The relationship of neural computation and inference has long been investigated (see, e.g., McCulloch, W. S. and Pitts, “A Logical Calculus of Ideas Immanent in Neuron Activity,” Bulletin of Mathematical Biology 5, pp. 115-133 (1943); Baum, E. B. and Wilczek, F., “Supervised Learning of Probability Distributions by Neural Networks,” Neural Information Processing Systems, pp. 52-61 (1988); and Hopfield, J. J., “Learning Algorithm and Probability Distributions in Feed-Forward and Feed-Back Networks,” Proceeding of the National Academy of Science, pp. 8429-8433 (1987)). Most of these researchers use neural network computation to explain the origin of Boolean logic or the connection with probability inference. When dealing with the logical truth of a proposition or the belief of a hypothesis, there are many terms associated with it, including certainty factor, support, confirmation and confidence level.
Historically these are considered subjective or epistemic, which is not the same as chance or aleatory probability that is associated with a random variable. Although conceptually different, whether the epistemic probability should follow the same rule as aleatory probability has always been at the center of debate. If the epistemic probability has a different rule, then it must come from the law of thought, or more precisely, the emergent property of neural computation.
Neural processing is often aimed at detecting differences in action potential rather than absolute values. For example, neural processing detects contrast rather than pure luminance, edges rather than areas, and so on. In evidential reasoning the difference in action potential means the weight of evidence favors the hypothesis, which in turn can be transformed into the belief of the possibility measure. The competitive nature of neuron activities induces the belief judgment.
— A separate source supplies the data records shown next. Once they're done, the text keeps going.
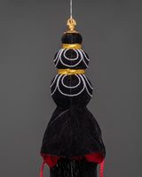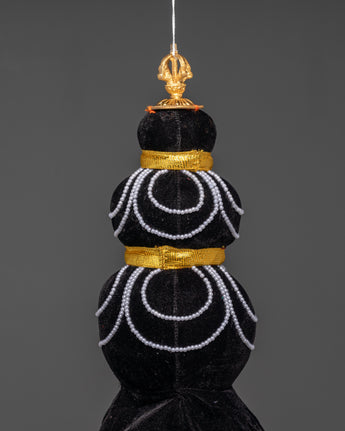 This Traditional Black Vajrayana Crown is a precious Tibetan ceremonial headgear, meticulously crafted for use in elegant Tantric and Vajrayana Buddhist rituals. This crown, crafted from exquisite black velvet fabric and adorned with beautiful white beading, embodies the profound symbolism of wisdom, power, and spiritual protection. The layers are topped with a gold-colored copper vajra (dorje), which in Tibetan philosophy represents unbreakable enlightenment and indestructible force.
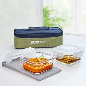 1. Borosil Ace Series Lunchbox – Glass, with Bag (320ml x 2)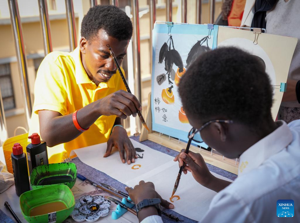 People try traditional Chinese painting during an event to celebrate the upcoming Chinese New Year, or the Spring Festival, in Nairobi, Kenya on Jan. 24, 2025. (Xinhua/Li Yahui)

A plausible neural network (PLANN) model that can compute probabilistic and possibilistic and other kinds of fuzzy logic is described herein. The learning algorithm of PLANN is discussed in U.S. patent application Ser. No. 09/808,101, which is incorporated herein by reference in its entirety. The present application describes a more detailed architecture and activation model of PLANN, which facilitates the computation of PLANN inference.